Fast-forward to four years ago and my father has now moved back to Michigan to be closer to his family. The friends in Alabama have moved closer too. My niece and nephew are still in Louisiana however are nearly adults and generally don’t have a great deal of time for us during our spring break visits, since our spring break and theirs don’t coincide.
My best friend is still in Dallas, so the first year after my dad moved home, my daughter and I flew down and spent the week with her, which is in the record books as one of my most favorite vacations, naturally.
The year after that, my husband was downsized and forced to make a career change and we decided not to spend the money to take a full spring break, so we spent three days in Cincinnati instead. It’s a short trip from where we live, lodging is not expensive, and they have a wonderful zoo and golf courses and restaurants right on the river.
Then came 2020 and of course all plans were cancelled.
As 2020 rolled to a close, we were still uncertain about what we’d do regarding travel the next year. And then a friend suggested we join them on their vacation to North Myrtle Beach in South Carolina, a place I had never been before. (Which is weird, for the record, because, as I’ve learned since, South Carolina rivals Florida regarding the number of Michiganders who vacation there.)
We’d have our own room, we’d be on the ocean; easy enough to social distance and still enjoy a week at the beach.
I. Was. So. In.
Not only was I in because I could wake up to the sound of the ocean lapping at the beach every morning and because I could walk on the beach every day and because day drinking was expected and because I wouldn’t be confined to the four walls of my own home, which are all valid enough reasons; I was in because I realized we had never taken a full-on spring break vacation since we’ve been married.
(At this point in the conversation, my husband inevitably points out the trip to Cinci, but that was three days and was a last minute decision because we hadn’t planned any vacation that year. Doesn’t count, in my book.)
So yeah, we went on an actual vacation where you pay for your own lodging and you do touristy stuff and a maid cleans your room.
Oh, and where they have these amazing coffee makers in your room, which is the actual reason for writing this blog post.

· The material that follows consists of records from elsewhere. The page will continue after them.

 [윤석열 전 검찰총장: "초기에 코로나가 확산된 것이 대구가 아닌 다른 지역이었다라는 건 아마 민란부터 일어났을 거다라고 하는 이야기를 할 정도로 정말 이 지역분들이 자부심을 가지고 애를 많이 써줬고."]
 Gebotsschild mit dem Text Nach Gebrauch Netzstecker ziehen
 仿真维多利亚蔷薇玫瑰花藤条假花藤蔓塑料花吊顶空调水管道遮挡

On the first morning I woke up in my vacation room with the sounds of the vacation ocean rolling in my ears, I had to figure out how to master what was an intimidating piece of equipment. To the point where, if they had not had instructions with pictures perched on the counter next to it, I might have had to wander downstairs to the lobby to find caffeine.
Luckily, I muddled through, and by the second day of vacation, I was convinced this was the greatest coffee maker on the planet, and come the end of the week, I dreaded leaving it almost as much as I didn’t want to leave the ocean itself.
I posted on social media about this coffee maker. I talked about this coffee maker. I longed for this coffee maker.
And then, flash forward to Mother’s Day, and guess what my husband gave me?
Yep. THE VACATION COFFEE MAKER.
What a fun, unexpected surprise! So this morning I sat here and typed out this post while sipping vacation coffee from one of my many bookish cups, looking forward to all the words I will manage thanks to this wonderful gift.
Oh, and as if that wasn’t enough, my daughter wrote a poem about our many, many trips to Louisiana, and she framed it and presented it to me, which also felt so utterly perfect for this particular Mother’s Day.
So here I am, blogging for the first time in five months, and it’s all happy, cheery, good news!
I think now I should sign off and get to work torturing a few characters. Before I give them a happy ending, of course.